**Problem requirements**.
Would it be possible to output exactly, and only, the lines below from the one holding "PS4は昨年を上回る絶好調で" to the last line, both included, with every picture left out?

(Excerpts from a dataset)
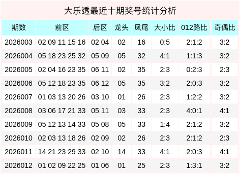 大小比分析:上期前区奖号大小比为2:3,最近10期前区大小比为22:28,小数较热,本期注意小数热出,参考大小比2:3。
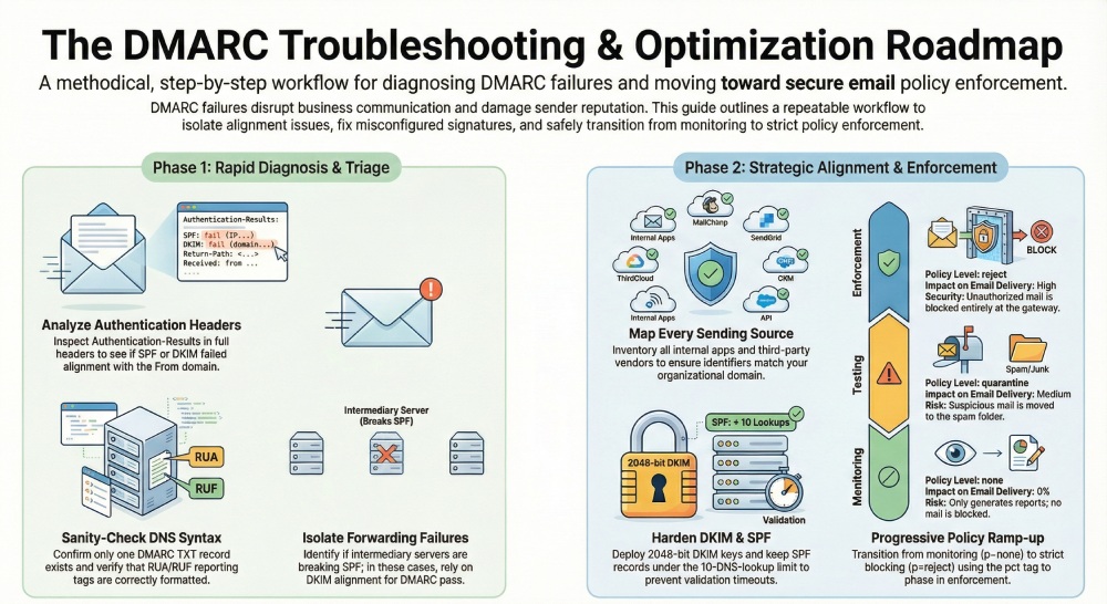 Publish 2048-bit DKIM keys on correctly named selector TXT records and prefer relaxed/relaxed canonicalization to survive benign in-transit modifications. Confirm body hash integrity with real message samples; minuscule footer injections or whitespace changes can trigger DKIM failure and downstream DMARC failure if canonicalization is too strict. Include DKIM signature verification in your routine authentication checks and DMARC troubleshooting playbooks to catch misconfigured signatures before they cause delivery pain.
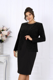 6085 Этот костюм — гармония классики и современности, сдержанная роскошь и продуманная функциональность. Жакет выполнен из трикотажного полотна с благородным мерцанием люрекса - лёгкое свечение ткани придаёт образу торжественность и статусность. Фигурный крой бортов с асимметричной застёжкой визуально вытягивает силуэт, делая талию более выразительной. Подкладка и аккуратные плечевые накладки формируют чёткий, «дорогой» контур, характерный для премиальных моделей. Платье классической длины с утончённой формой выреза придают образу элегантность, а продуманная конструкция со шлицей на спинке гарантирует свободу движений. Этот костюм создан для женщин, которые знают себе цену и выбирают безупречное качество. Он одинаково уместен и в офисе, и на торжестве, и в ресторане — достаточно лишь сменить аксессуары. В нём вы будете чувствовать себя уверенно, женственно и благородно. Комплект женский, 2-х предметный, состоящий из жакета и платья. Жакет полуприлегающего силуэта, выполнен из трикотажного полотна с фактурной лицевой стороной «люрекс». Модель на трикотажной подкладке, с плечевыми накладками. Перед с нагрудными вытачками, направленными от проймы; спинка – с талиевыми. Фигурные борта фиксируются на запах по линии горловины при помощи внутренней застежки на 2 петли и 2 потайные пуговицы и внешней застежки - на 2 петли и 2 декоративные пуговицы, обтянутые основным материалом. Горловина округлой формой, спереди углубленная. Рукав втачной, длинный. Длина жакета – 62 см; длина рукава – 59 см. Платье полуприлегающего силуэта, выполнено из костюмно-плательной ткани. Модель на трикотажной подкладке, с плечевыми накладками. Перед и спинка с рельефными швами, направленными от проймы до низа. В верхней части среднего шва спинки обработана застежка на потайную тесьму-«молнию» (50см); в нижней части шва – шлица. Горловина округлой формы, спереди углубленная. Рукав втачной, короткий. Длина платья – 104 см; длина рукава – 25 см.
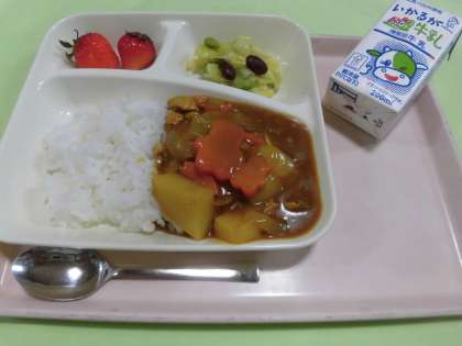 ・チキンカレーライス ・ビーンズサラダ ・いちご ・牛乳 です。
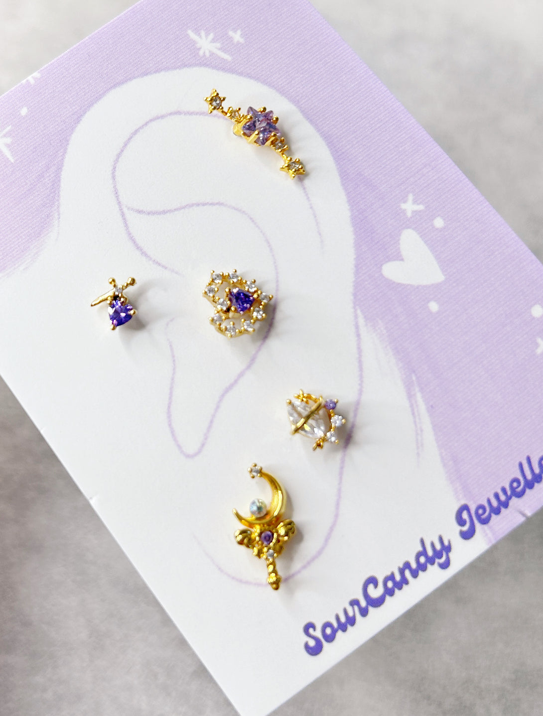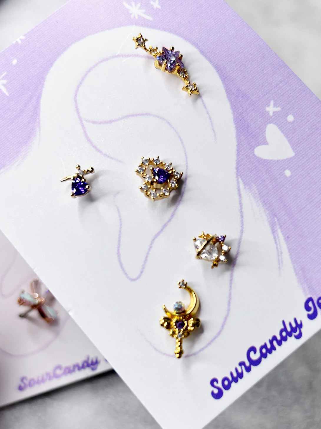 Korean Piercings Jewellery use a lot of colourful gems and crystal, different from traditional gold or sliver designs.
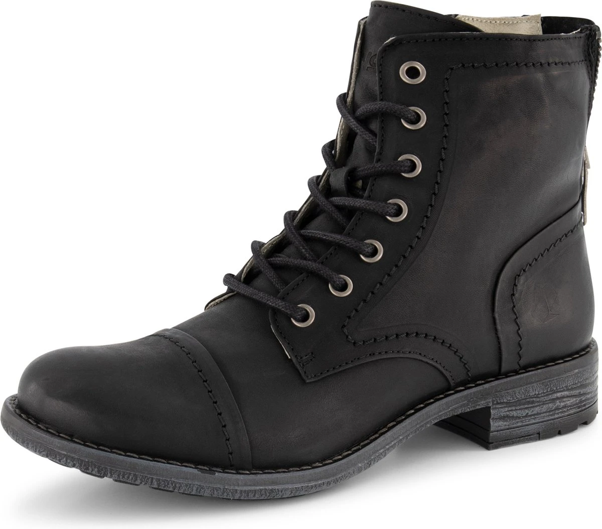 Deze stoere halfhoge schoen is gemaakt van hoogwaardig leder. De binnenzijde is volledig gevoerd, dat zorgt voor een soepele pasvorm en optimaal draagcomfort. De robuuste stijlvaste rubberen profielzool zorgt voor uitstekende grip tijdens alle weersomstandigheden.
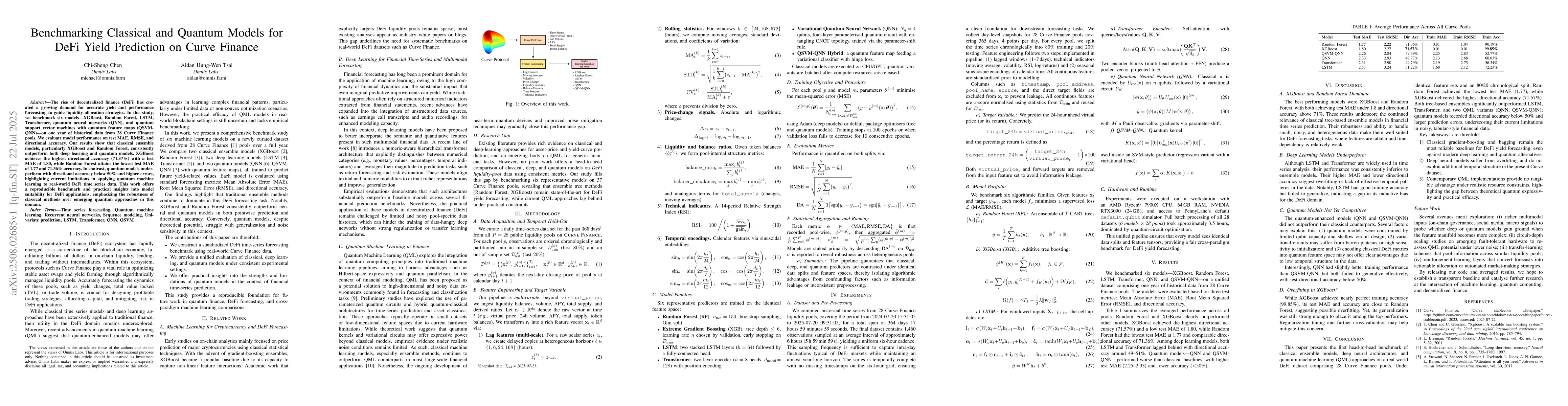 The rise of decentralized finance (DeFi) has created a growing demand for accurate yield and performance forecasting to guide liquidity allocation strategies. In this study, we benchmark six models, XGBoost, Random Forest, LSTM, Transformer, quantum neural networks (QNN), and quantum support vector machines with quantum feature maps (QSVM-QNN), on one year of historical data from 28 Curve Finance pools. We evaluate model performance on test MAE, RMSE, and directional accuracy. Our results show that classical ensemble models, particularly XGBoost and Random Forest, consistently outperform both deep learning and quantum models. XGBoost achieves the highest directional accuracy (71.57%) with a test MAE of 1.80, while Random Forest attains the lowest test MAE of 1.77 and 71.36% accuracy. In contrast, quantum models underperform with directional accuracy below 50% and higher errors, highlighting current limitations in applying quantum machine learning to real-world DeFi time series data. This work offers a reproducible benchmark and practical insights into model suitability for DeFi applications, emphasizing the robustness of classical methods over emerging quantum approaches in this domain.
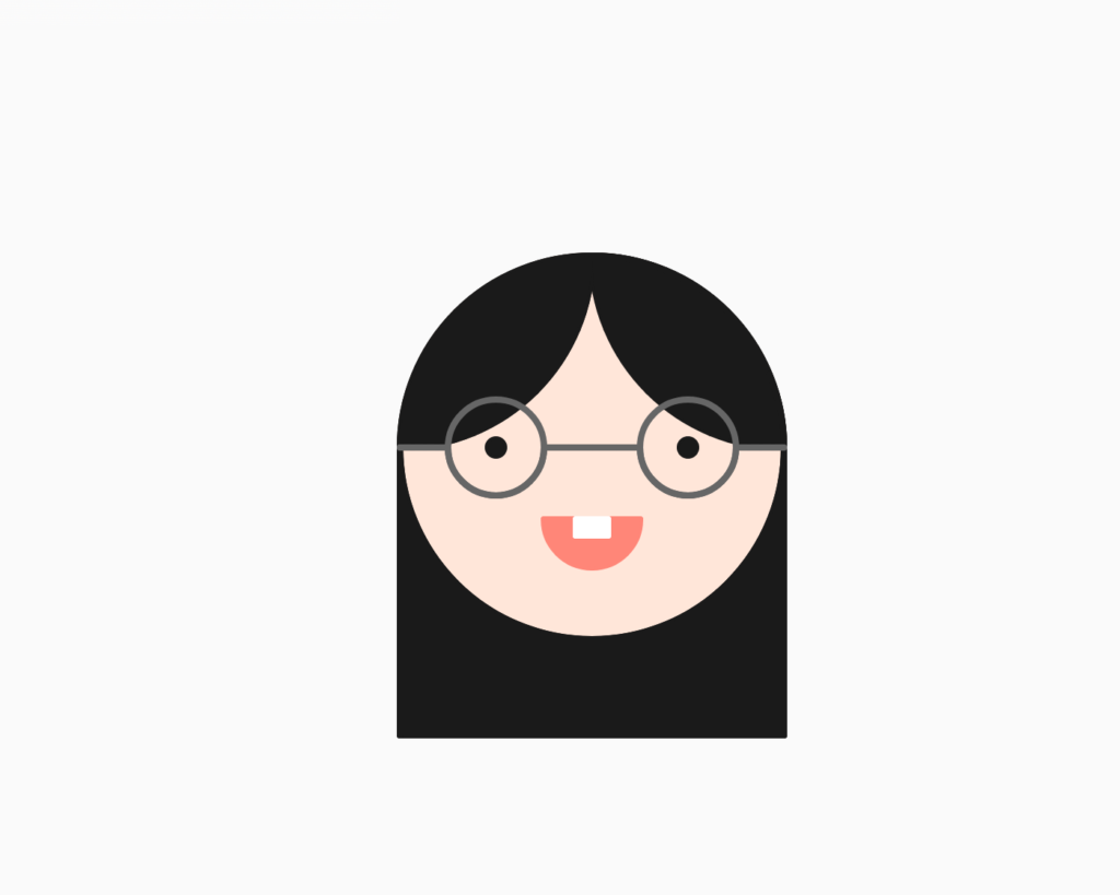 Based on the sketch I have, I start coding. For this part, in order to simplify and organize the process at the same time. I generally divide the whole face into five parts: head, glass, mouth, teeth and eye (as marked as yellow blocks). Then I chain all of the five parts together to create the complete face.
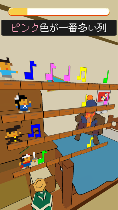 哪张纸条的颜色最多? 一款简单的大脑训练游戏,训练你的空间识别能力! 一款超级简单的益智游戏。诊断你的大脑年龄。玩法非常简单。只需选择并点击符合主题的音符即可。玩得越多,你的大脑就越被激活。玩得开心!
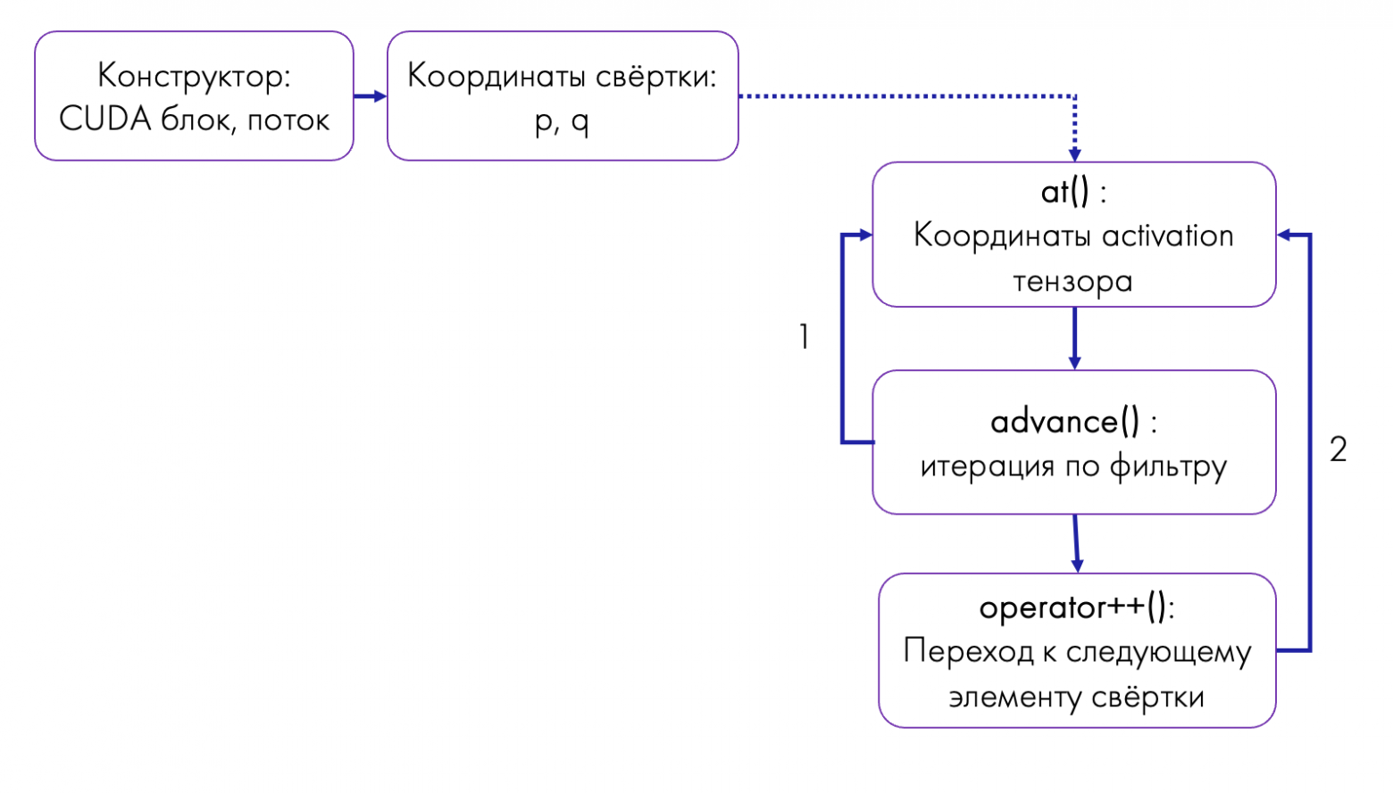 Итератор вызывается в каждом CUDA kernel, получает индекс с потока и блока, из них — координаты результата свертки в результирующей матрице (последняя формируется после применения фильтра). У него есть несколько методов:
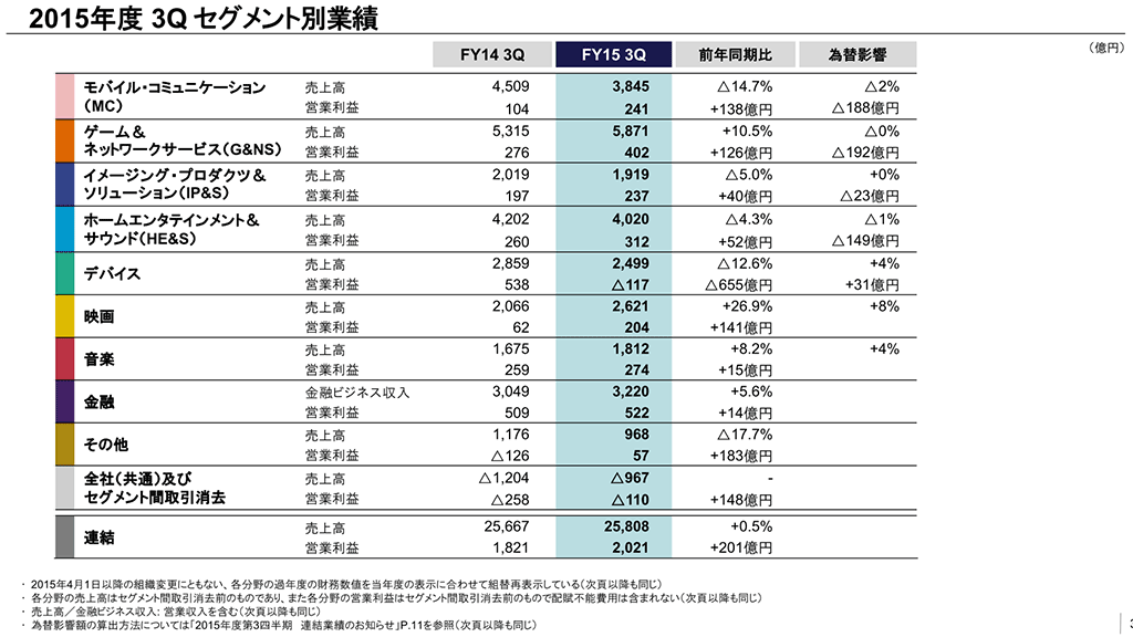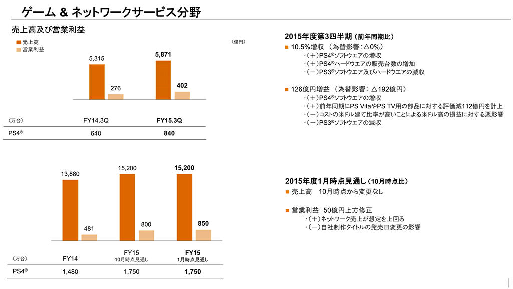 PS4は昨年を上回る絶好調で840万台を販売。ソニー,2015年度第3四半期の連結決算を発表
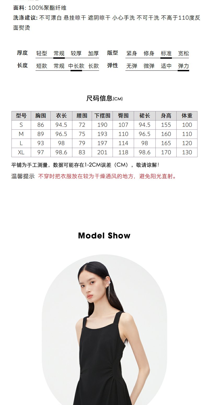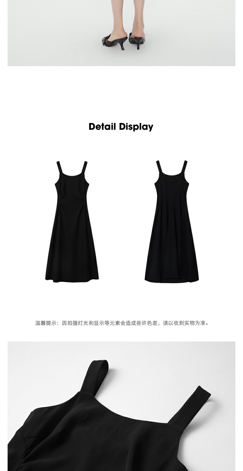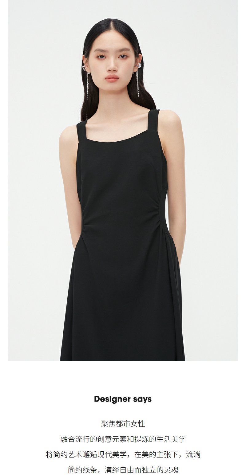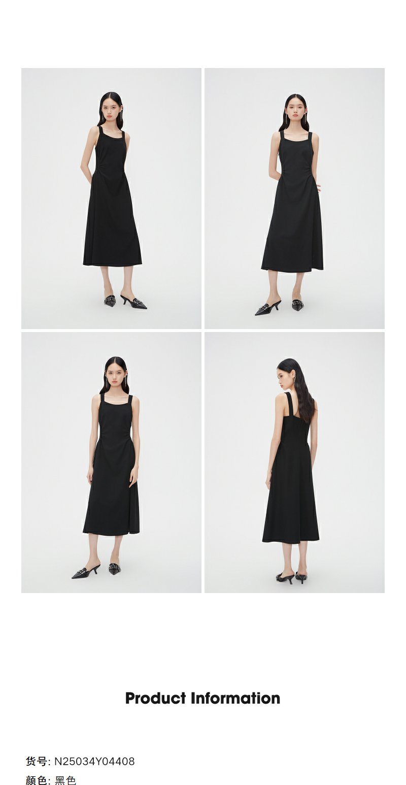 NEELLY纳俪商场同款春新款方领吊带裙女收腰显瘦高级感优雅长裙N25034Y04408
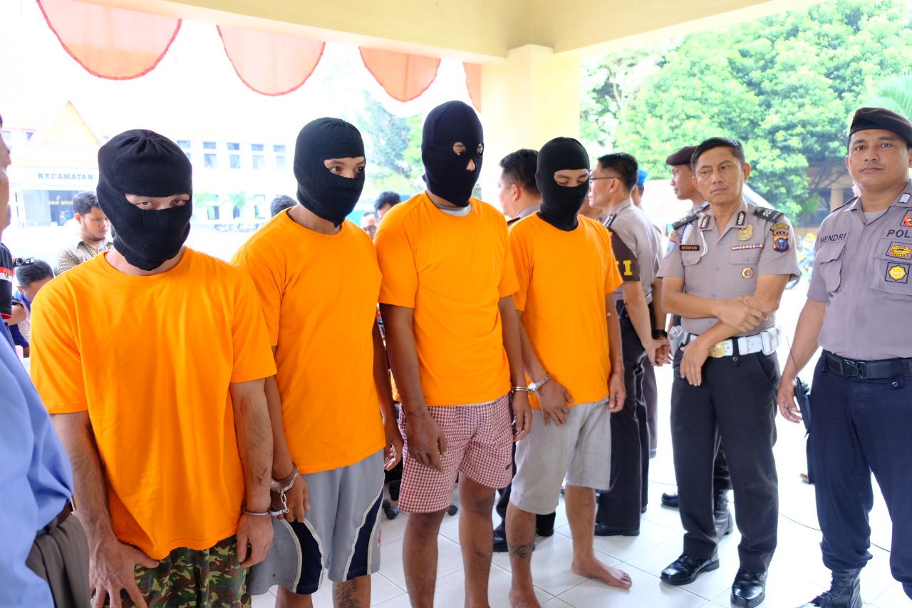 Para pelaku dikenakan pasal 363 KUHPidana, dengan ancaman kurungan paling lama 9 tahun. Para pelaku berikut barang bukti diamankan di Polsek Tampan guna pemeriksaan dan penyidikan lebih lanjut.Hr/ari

**Your solution**.
 PS4は昨年を上回る絶好調で840万台を販売。ソニー,2015年度第3四半期の連結決算を発表
 NEELLY纳俪商场同款春新款方领吊带裙女收腰显瘦高级感优雅长裙N25034Y04408
 Para pelaku dikenakan pasal 363 KUHPidana, dengan ancaman kurungan paling lama 9 tahun. Para pelaku berikut barang bukti diamankan di Polsek Tampan guna pemeriksaan dan penyidikan lebih lanjut.Hr/ari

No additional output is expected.